Is Taking Things off Google Censorship?

There's a brouhaha at the Seattle Pacific University student newspaper over a request to take an article from 1998 off their website. 33-year-old Ethiopian immigrant Shakespear Feyissa, now a lawyer, is pressuring the school and the paper, The Falcon, to remove an article which discussed a dropped sexual assault charge against him and his indefinite suspension from the school. At the time, Feyissa wanted his story to be heard. Years later, it became one of the top results on Google for his name.

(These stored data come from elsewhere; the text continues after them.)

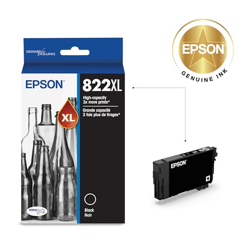 EPSON 822 DURABrite Ultra Ink Cartucho negro de alta capacidad (T822XL120-S) funciona con WorkForce Pro WF-3820, WF-3823, WF-4820, WF-4830, WF-4833, WF-4834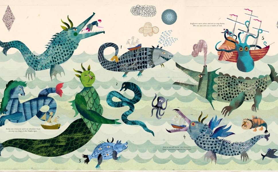 The reader is then taken on an extraordinary journey around the world’s oceans. Each double-page is highly detailed and jam-packed with fascinating information on historic events, famous people and scientific facts. I particularly liked the spreads on the art of navigation, history of sailor’s tattoos, exotic sea life, myths and legends and pirates.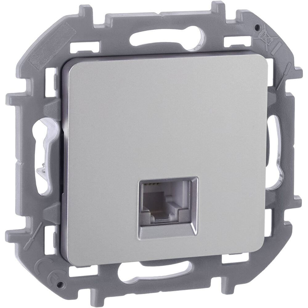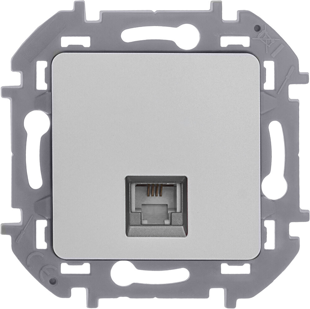 Розетка телефонная для скрытого монтажа Inspiria, разьем RJ11, цвет ''Алюминий''. Применяется для быстрого подключения к сетям телекоммуникаций (например, к телефонным сетям общего пользования).

I agree with the school paper on the matter of preserving its archives. You can't force the paper to take the article off the web, as they have the rights to everything they publish. There's no way I would have agreed to this when I was an editor at my college newspaper. But is adding robots.txt censorship? Does taking something off Google, but not the web, violate freedom of speech? I don't think it does, but I may change my tone on that in a few years. It raises some legal questions about how important Google is to accessing information in today's world, and whether a governing body (in this case, a school administration) is prohibited from forcing the press to take something off Google without taking it off the web.

Of course, now the point is moot. Because of the coverage of the controversy, the article is nowhere to be found on the Google results for "Shakespear Feyissa," But the stories on the controversy are all over the place. Not exactly the best SEO strategy if you're trying to remove a rape allegation from Google.